Saturday, June 16, 2007

Mean Things about Nice People: Chapter One

A lot of blogs have a friday five. It's like a list of 5 things in a category that's chosen for that week. It's almost entirely arbitrary as far as how categories get selected, but I figured I should have one anyway. So to make it more interesting, and to amuse myself, i've come up with a theme which will carry me forever: Saying horrible things about bands and artists whose only crime was making music in the same universe as me. I may even like some of these artists, but that's not what fridays are all about. INAUGURAL SMACKDOWN HO!

1. Amy Winehouse: Proof that being a painted-up lush is acceptable so long as you sing good. That's empowerment, right?

2. Plain White T's: Boy George did that exact same transitory blend of hip and sensitive. And he fucked his drummer. These kids have some work to do.

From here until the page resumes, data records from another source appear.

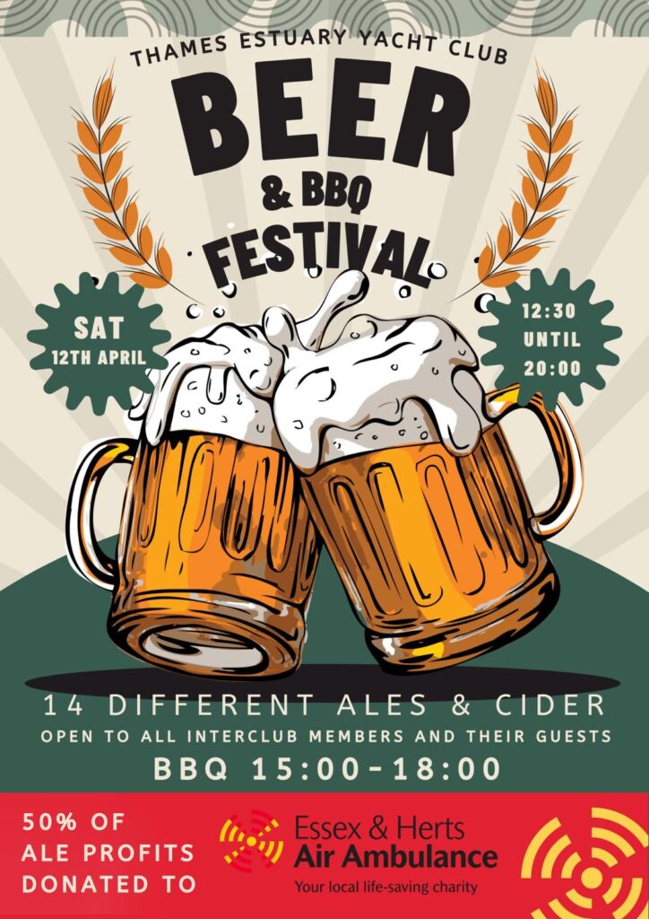 Come along and sample from a choice of 14 great local ales and cider and a sizzling BBQ in the company of other members and Interclub sailors in our amazing waterside clubhouse all whilst raising funds for Essex Air Ambulance.
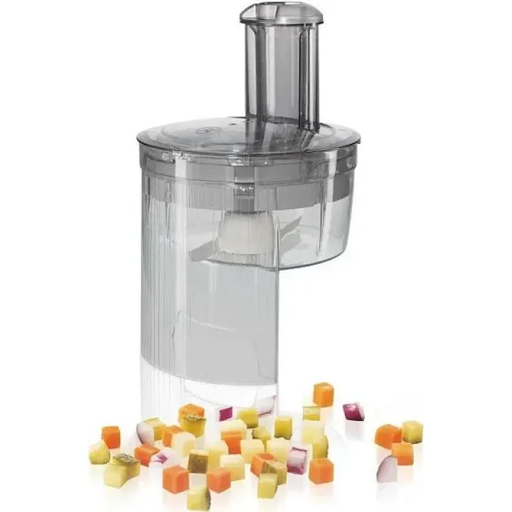 | Типы дополнительных насадок | двухсторонний диск - терка (крупная/мелкая), диск для картофеля фри, венчик для взбивания, венчик для жидкого теста, крюк для теста, универсальная резка с 3-мя дисками, Насадка для нарезки кубиками |
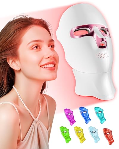 Mlriyl LED Face Mask, 7 Colour Red Light Therapy Mask, LED Photon Facial Skin Care Device for Anti Aging, Wrinkle Reduction, Acne Treatment, Rejuvenation & Hydration, Gifts for Women/Men
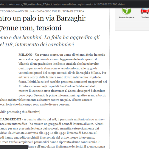 Auto contro un palo in via Barzaghi: muore 17enne rom, tensioni
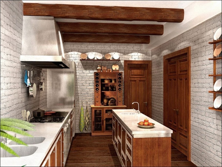 Фальшбалки в интерьере лофт кухня
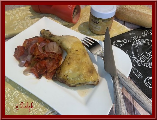 5. Enfourner pour 20 minutes, puis retourner les cuisses, continuer la cuisson environ 40 minutes, la cuisson est à surveiller, couvrir si cela dore trop.
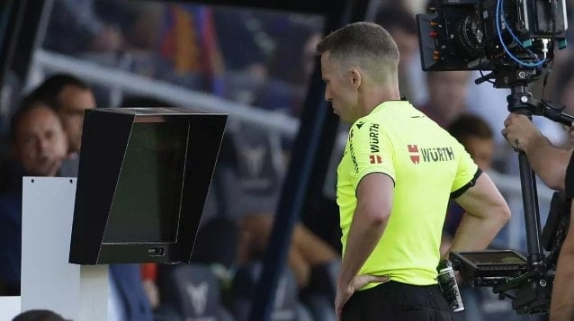 VAR odasından, Fermin’in golüne bakarken, Barcelonalı oyuncunun elle müdahalesi görüldüğü anda VAR hakeminin “MENOS MAL” (şükürler olsun) ifadesini kullandığı görüntülere yansıdı.
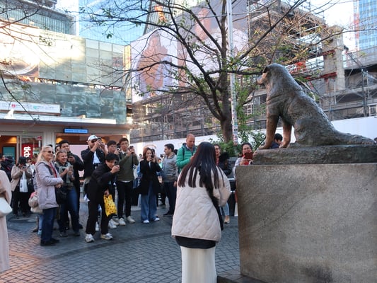 Glücklicherweise ging es nur eine Station weiter nach Shibuya, wo uns gleich nach dem Verlassen des Bahnhofs die berühmte Statue des Hundes Hachikō begrüßte.

3. Rihanna: No thanks, guys. I'll catch the next one-name-sexy-R&B-songstress-featuring-a-rapper bandwagon. I'm still sore over all the depreciation my Monifah action figures have gone through. Mo'llectible they are NOT.

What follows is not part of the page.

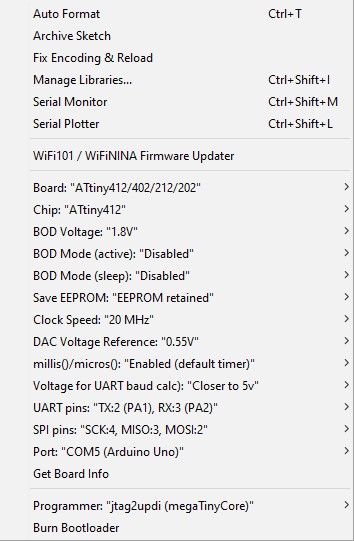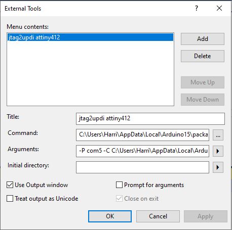 -P com5 -C C:\Users\Harri\AppData\Local\Arduino15\packages\megaTinyCore\hardware\megaavr\1.1.8\avrdude.conf -c jtag2updi -p t412 -U flash:w:$(ProjectDir)Debug\$(TargetName).hex:i
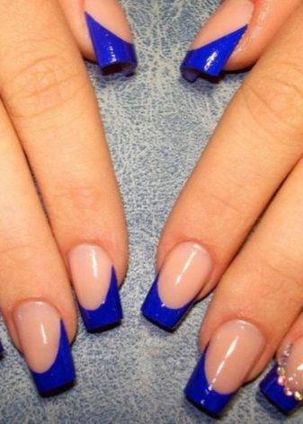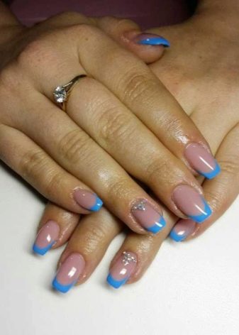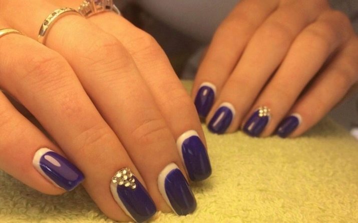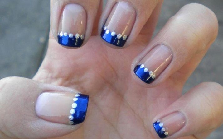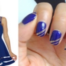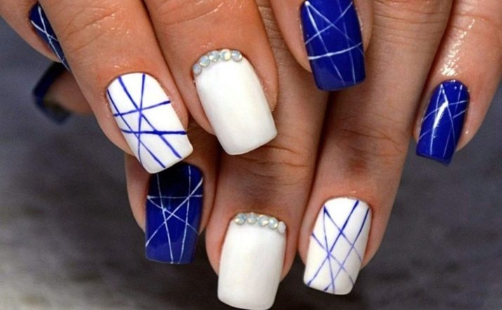 Els propietaris d’ungles curtes durant molt de temps trien una manicura adequada. Sota un vestit blau, una bona opció seria utilitzar un patró geomètric capaç d’allargar visualment l’ungla. És millor pintar les plaques de les ungles amb una base clara (blanca), i després aplicar un patró blau. Això permetrà que la imatge sigui femenina i elegant.

4. Fabolous: I understand why he swapped out the U. it's a hard sound to make. And since when has hip-hop ever been about expressing oneself clearly?

5. Puddle Of Mudd: It's called karma. These guys get a mountain of undeserved record label advertising and support (they're called post-grunge for fuck's sake), but every sunday evening one of them has to get dressed up like Kurt Cobain and fellate David Geffen while he listens to "Smells Like Teen Spirit" on repeat.

--BONUS DISS--
Cake: I saw a billboard proclaiming that Cake would be appearing for a weekend performance at some casino near Lake Tahoe. I can't even imagine the hordes of disappointed old people upon discovering the non-dessert nature of these fading alt-rockers.